11. Next, are not the stars represented as being in Christ’s right hand, because he holds them out, as well as holds them up? Just as a man holds a lamp in his hand, and holds it up and out as far as he can, so that its light may shine all the farther, so does Christ hold his servants up. Sometimes he holds some of them up high aloft above the multitude, so that, on the Sabbath, they rise quite out of themselves. They say what they could never have thought of saying by themselves; and they are enabled to plunge into mysteries which previously had not been opened up to them; and there are given to them burning words that shine as well as burn, for their Lord lifts them up, and holds them out. Dear friends, pray much for us, who are called to preach the gospel, so that we may always be lifted up in the right hand of Christ. If we try to shine simply with our own natural brightness, it will be a very poor, miserable exhibition of darkness; and if we try to work ourselves up, as some do, into a state of excitement, we may goad ourselves into a condition of semi-madness, and lead others into the same folly, but no good will come out of it. That elevation of spirit which comes from the right hand which once was pierced for us, that lifting up of holy speech which is given through contact with the right hand of him who spoke as never a man spoke, that is the kind of lifting up that we want. Pray, beloved, that every star in the right hand of the Lord Jesus Christ may be held up and held out, and so shine even farther and farther across the wild waste of the waters of sin and sorrow.

12. Do you not also think that, by the stars being in the right hand of Christ, is meant that he claims them as his own? Every faithful minister is Christ’s property; he belongs to his Lord, and he recognises that blessed fact. “You are not your own, for you are bought with a price,” is true of all who believe in the Lord Jesus Christ; but it is especially true of as many as are called out from among their fellows that they may be the mouth of God, and that God may speak through them to the feeding of his flock, and to the bringing home of his lost sheep. They are particularly and especially in the hand of Christ, for they belong entirely to Christ.

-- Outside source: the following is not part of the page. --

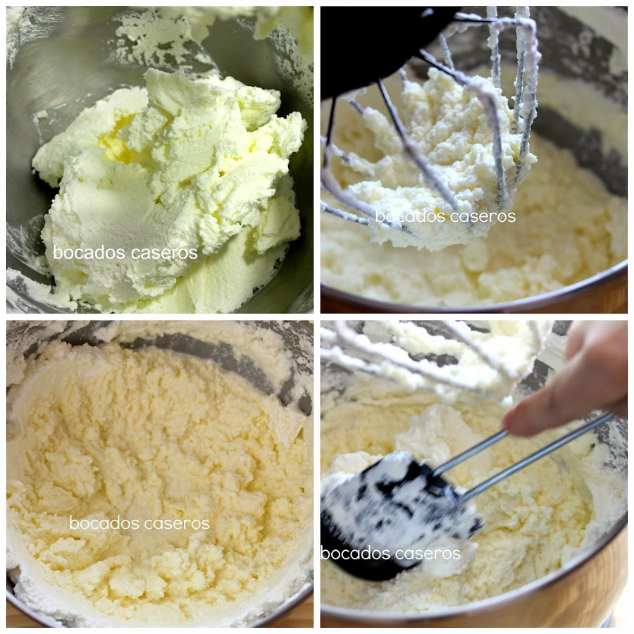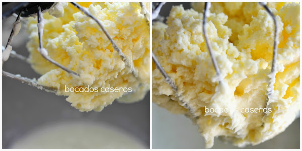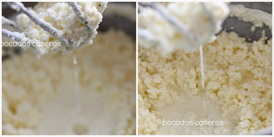 Parece que se corte la nata (crema de leche) y vemos que se van uniendo en gránulos gruesos mientras el líquido se va quedando en el fondo del recipiente y al mismo tiempo, cambia de color de blanco a amarillo. Seguimos batiendo...

13. Is this not the highest honour any man can have, that he should be in Christ’s right hand because he belongs to Christ? You see, it is especially mentioned that these stars are not in the left hand of Christ, but in his right hand, as if the Lord intended to put particular and special honour on his servants who are faithful to him. Brethren, it does not become any of us who preach the gospel to seek honour from men. What is it, after all? What is the value of commendation from the lips of men? Suppose they should praise us, and flatter us, and say that we are “thoughtful men,” “abreast of the times,” and I do not know what else — all such stuff as this is only carrion, fit for the scavengers of the earth, but not worthy to be set before the angels of the churches. The true servants of Christ may well be satisfied to eat some of the crumbs that fall from his table, rather than to feast on the dainties that load the tables of the ungodly. If our hearts are entirely focused on shining for Christ, and shining for nothing but Christ, and shining with nothing but Christ’s own light, and the light of Christ’s own truth, then we are like the stars in his right hand, beloved by him, and precious in his sight. Truly I say to you, there shall be a glorious reward at the last for those who are made by Christ into stars, and who are held up, and held out in the right hand of their Lord, and so claimed by him as particularly and especially his own.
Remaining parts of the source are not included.